A little story with big implications has almost snuck under the radar.
The trial of failed Iraqi suicide bomber Sajida Mubarak al-Rishawi began in Jordan today. This young lady, that's right lady, joined Al Qaeda in Iraq and traveled to Annan, Jordan with the intention of detonating her suicide belt in a Western-owned hotel there. Three others "succeeded", she failed when her belt did.

This woman is the rarest of creatures, the female "terrorist". Like other endangered species, she will no doubt be studied by many observers (I suppose myself included). We in the West are always told that women in the Middle East are treated as no better than property. They are controlled by their men and ordered to wear veils and birqas; these demonstrate their submission to patriarchy. What women would choose that life we think, reasonably given our cultural norms?


Sajida Mubarak al-Rishawi, beyond the label of suicide bomber, is already becoming the subject of criticism because of her choices.
Jordanian authorities claim she even got married just to become a suicide bomber. How dare she be so brazen? Marriage is sacred, isn't it? You don't just use people to get what you want; men might behave thus but not women. So what if her brothers were killed by the Americans in Iraq. That doesn't give her the right to forget her place. Suicide bombing and all those sweet virgins are for men; women need not apply.

But increasingly it seems they are.


Ironically given imperial America's supposed goals of dragging the Middle East into the modern world, "terrorist" organizations are more egalitarian than the corrupt governments they aim to replace. Hamas, Al Qaeda in Iraq and other "terrorist" groups it could be argued are extremely progressive in some areas. Like the women of the armament factories in World War Two, women are being drafted to help combat the "Great Satan", many making the ultimate sacrifice. After World War Two, in the West women had proved themselves and slowly began to claim more and more rights over the years. Will this happen in the Middle East?
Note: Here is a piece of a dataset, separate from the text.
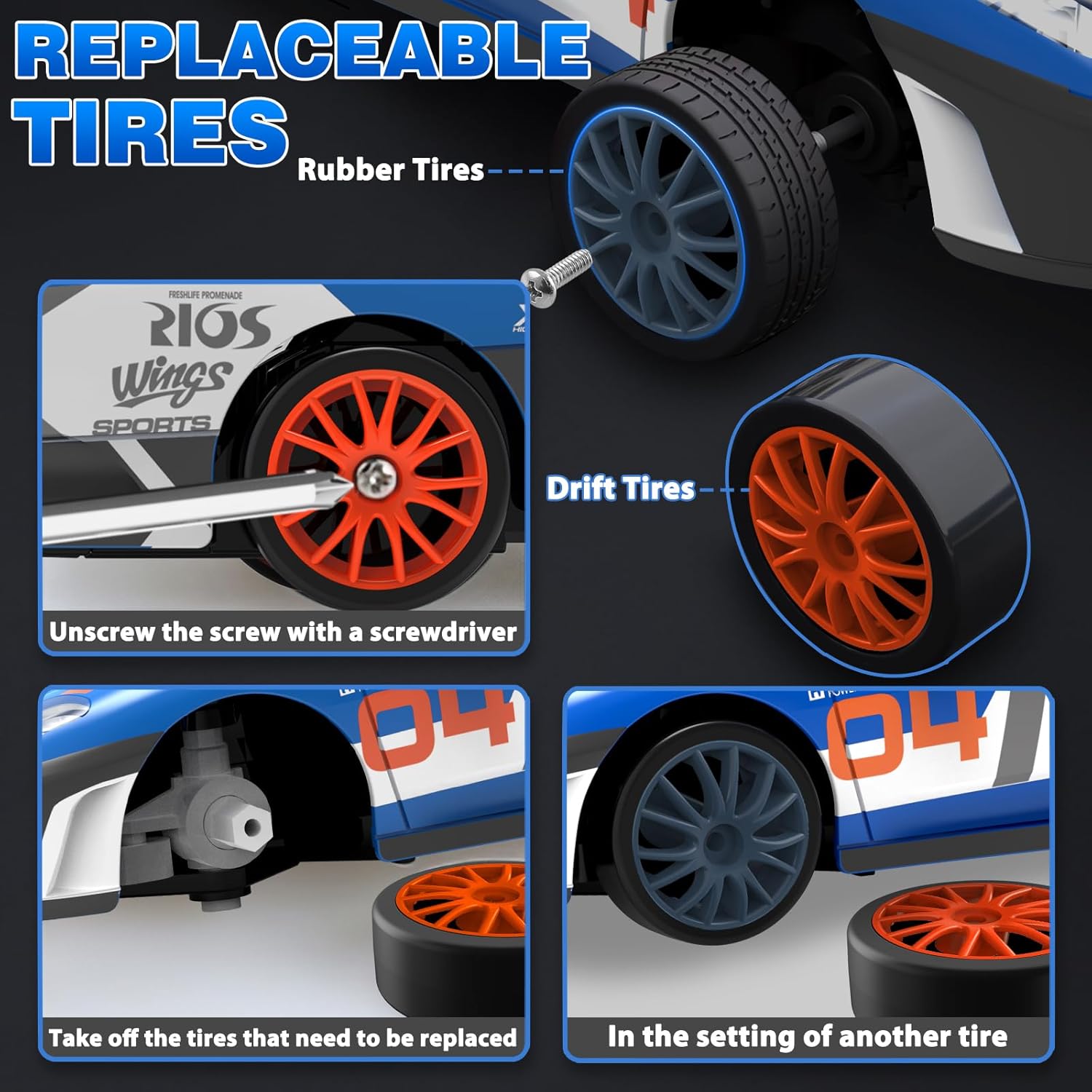 RC Drift Car 2.4GHz 1:24 Scale 4WD Remote Control Car 15KM/H High Speed Drifting RC Cars with Cool Lights, Two Batteries and Extra Tires Toys for Kids Boys Girls Adults, Blue

Perhaps history will judge
Sajida Mubarak al-Rishawi a pioneer.

Being alive and on trial, however truncated, she can become a symbol. If the state kills her, which is likely given Jordan's record, what does this say about the agency of women? If she is released or jailed she remains a living symbol of women choosing another path other than marriage and motherhood.

What will her sisters that follow in her wake achieve? Perhaps legal abortion will come to the Middle East; maybe divorce will become even more common and, gasp, maybe all Arab and Muslim women will win the right to vote. But maybe they'll embrace violence as she has done. Does it take the end of a war to begin the real fight?

Of course the counter argument could be made and it could be said that in choosing (whatever that means) to be a suicide bomber
Sajida Mubarak al-Rishawi was being manipulated by men all along. This is a compelling argument as well.

What cannot be argued is that this important trial and its impact on its society will be just as compelling and perhaps revolutionary.